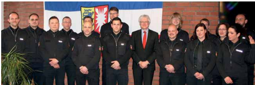
Sie schlossen ihre zweijährige Ausbildung als Justizvollzugsbeamte erfolgreich ab.

Dabei erklärte der Staatssekretär: „Der Justizvollzugsdienst unseres Landes benötigt Sie als qualifizierte und motivierte Mitarbeiterinnen und Mitarbeiter. Unser moderner Strafvollzug verfolgt im Umgang mit den Gefangenen anspruchsvolle Ziele: Nämlich die Balance zwischen dem Resozialisierungsgedanken mit dem Ziel einer erfolgreichen Wiedereingliederung in unsere Gesellschaft einerseits und dem Vollzug der Freiheitsstrafe als Sicherungsaufgabe andererseits. Ihre künftige Aufgabe ist daher gesellschaftlich wertvoll und verantwortungsvoll. Sie haben dafür eine anspruchsvolle und vielseitige Ausbildung erfolgreich absolviert.“
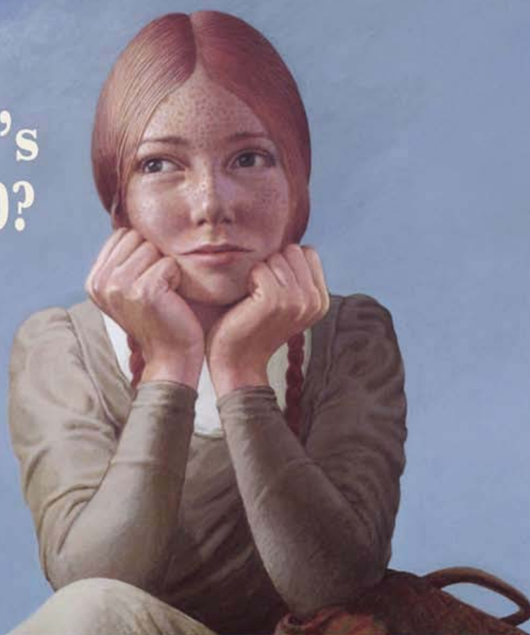
© Canada Post Corporation, 1975 stamp
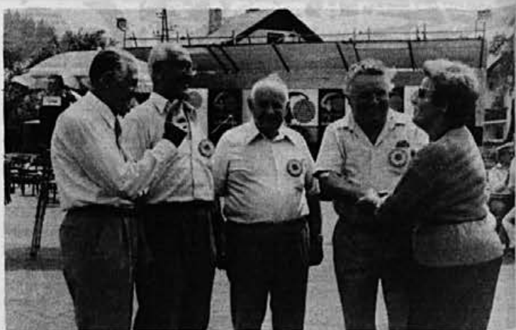
Srečanje veteranov naše trgovske mreže

Še enkrat čestítam vsem delavcem Alpine ob 40-letnici, vsem Žirovcem in ostalím pa še ob našem partizanskem prazniku – Dnevu borca.
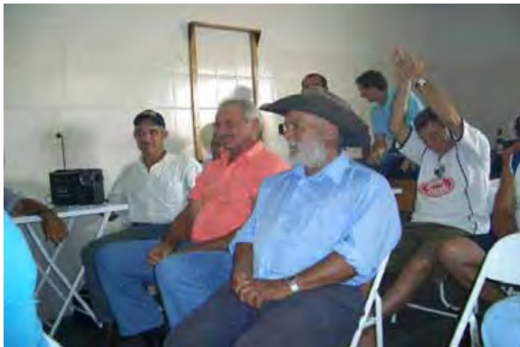
Foto 9 - A louvação religiosa no cururu é motivo de aplauso, reverência e respeito à narrativa, sobretudo, por parte dos mais velhos.

Outra indicação de forte aspecto religioso e sagrado presente nas 'carreiras' constitui, sem dúvida, numa forma de reverenciar aos santos católicos como São Bento, São João Batista, São Vicente, São Judas Tadeu, entre tantos outros. O sentimento religioso também é expresso por meio da crítica que o cantador pode vir a fazer com relação às outras religiões, já que o cururu sempre está vinculado ao catolicismo. Em algumas gravações fica explícita a antipatia histórica por religiões (neo) pentecostais, ao Espiritismo ou a outras modalidades religiosas tidas pejorativamente como mágicas ou como “macumba”, no caso específico das religiões afro-brasileiras reforçando novamente o elemento de procedência do cururu em sua associação com a catequese no Brasil colonial.
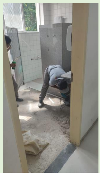
Remoção do piso solto e substituição por piso em cimento liso no 3º andar do Bloco C.
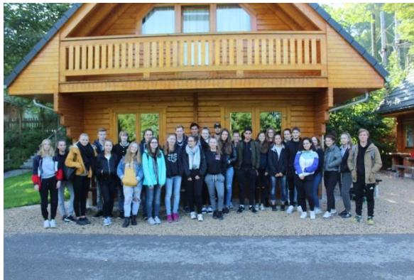
Kennenlertage im Donautal (BK1c)
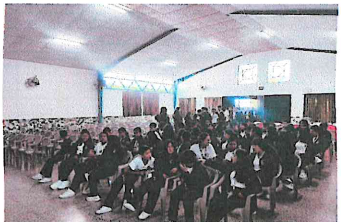
Ingreso de los alumnos del Centro Vocacional San José al auditorio del establecimiento 24/09/2024
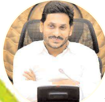
సీఎం జగన్మోహన్ రెడ్డి

◆ ◆ ◆ ◆

[Exercise details] Render the data above verbatim and without pictures.

[Solution to the problem]
Sie schlossen ihre zweijährige Ausbildung als Justizvollzugsbeamte erfolgreich ab.

Dabei erklärte der Staatssekretär: „Der Justizvollzugsdienst unseres Landes benötigt Sie als qualifizierte und motivierte Mitarbeiterinnen und Mitarbeiter. Unser moderner Strafvollzug verfolgt im Umgang mit den Gefangenen anspruchsvolle Ziele: Nämlich die Balance zwischen dem Resozialisierungsgedanken mit dem Ziel einer erfolgreichen Wiedereingliederung in unsere Gesellschaft einerseits und dem Vollzug der Freiheitsstrafe als Sicherungsaufgabe andererseits. Ihre künftige Aufgabe ist daher gesellschaftlich wertvoll und verantwortungsvoll. Sie haben dafür eine anspruchsvolle und vielseitige Ausbildung erfolgreich absolviert.“
© Canada Post Corporation, 1975 stamp
Srečanje veteranov naše trgovske mreže

Še enkrat čestítam vsem delavcem Alpine ob 40-letnici, vsem Žirovcem in ostalím pa še ob našem partizanskem prazniku – Dnevu borca.
Foto 9 - A louvação religiosa no cururu é motivo de aplauso, reverência e respeito à narrativa, sobretudo, por parte dos mais velhos.

Outra indicação de forte aspecto religioso e sagrado presente nas 'carreiras' constitui, sem dúvida, numa forma de reverenciar aos santos católicos como São Bento, São João Batista, São Vicente, São Judas Tadeu, entre tantos outros. O sentimento religioso também é expresso por meio da crítica que o cantador pode vir a fazer com relação às outras religiões, já que o cururu sempre está vinculado ao catolicismo. Em algumas gravações fica explícita a antipatia histórica por religiões (neo) pentecostais, ao Espiritismo ou a outras modalidades religiosas tidas pejorativamente como mágicas ou como “macumba”, no caso específico das religiões afro-brasileiras reforçando novamente o elemento de procedência do cururu em sua associação com a catequese no Brasil colonial.
Remoção do piso solto e substituição por piso em cimento liso no 3º andar do Bloco C.
Kennenlertage im Donautal (BK1c)
Ingreso de los alumnos del Centro Vocacional San José al auditorio del establecimiento 24/09/2024
సీఎం జగన్మోహన్ రెడ్డి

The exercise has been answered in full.